• Work to be completed
Transcribe the data that follows in full. Leave out the pictures.

• Data provided
[Start of section]

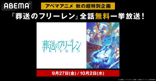 新しい未来のテレビ「ABEMA」は、アベマアニメ秋の特別企画として、大人気アニメ『葬送のフリーレン』を、2024年9月27日(金)より2週連続で無料一挙放送いたします。
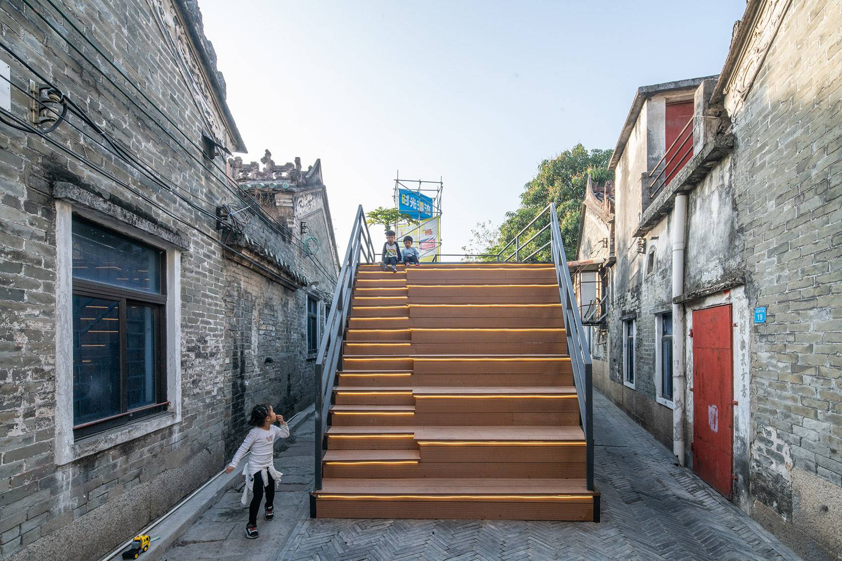 在戲臺附近有一處建筑廢墟,長期荒廢變成了雜草叢生的空地,有居民在此種菜。建筑師利用廢墟邊的公共廁所屋頂,順勢設(shè)計了一個空中廊橋系統(tǒng),包括大臺階、空中棧道、腳手架海報塔等,讓人們可以走到二層標(biāo)高,近距離觀賞近在眼前的歷史建筑群(包括兩個祠堂、一個家塾、環(huán)繞周邊的老建筑群)。同時,利用廢墟一側(cè)的小空地,將其改造成為室外廣場,鋪上木板,可以坐在此處休息,也可以從事小型交往、休閑、聚會、體育活動(比如在此練習(xí)螳螂拳)。
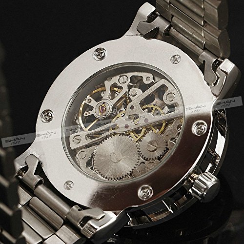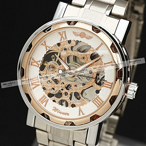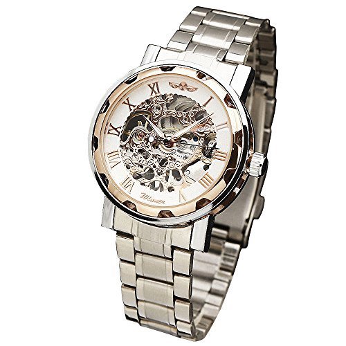 -. Title : WINNER Retro Fashion Men Women Mechanical Wrist Watch Stainless-Steel Strap Skeleton Roman Numbers W/ Box

[End of section]

• Solution to this exercise
 新しい未来のテレビ「ABEMA」は、アベマアニメ秋の特別企画として、大人気アニメ『葬送のフリーレン』を、2024年9月27日(金)より2週連続で無料一挙放送いたします。
 在戲臺附近有一處建筑廢墟,長期荒廢變成了雜草叢生的空地,有居民在此種菜。建筑師利用廢墟邊的公共廁所屋頂,順勢設(shè)計了一個空中廊橋系統(tǒng),包括大臺階、空中棧道、腳手架海報塔等,讓人們可以走到二層標(biāo)高,近距離觀賞近在眼前的歷史建筑群(包括兩個祠堂、一個家塾、環(huán)繞周邊的老建筑群)。同時,利用廢墟一側(cè)的小空地,將其改造成為室外廣場,鋪上木板,可以坐在此處休息,也可以從事小型交往、休閑、聚會、體育活動(比如在此練習(xí)螳螂拳)。
 -. Title : WINNER Retro Fashion Men Women Mechanical Wrist Watch Stainless-Steel Strap Skeleton Roman Numbers W/ Box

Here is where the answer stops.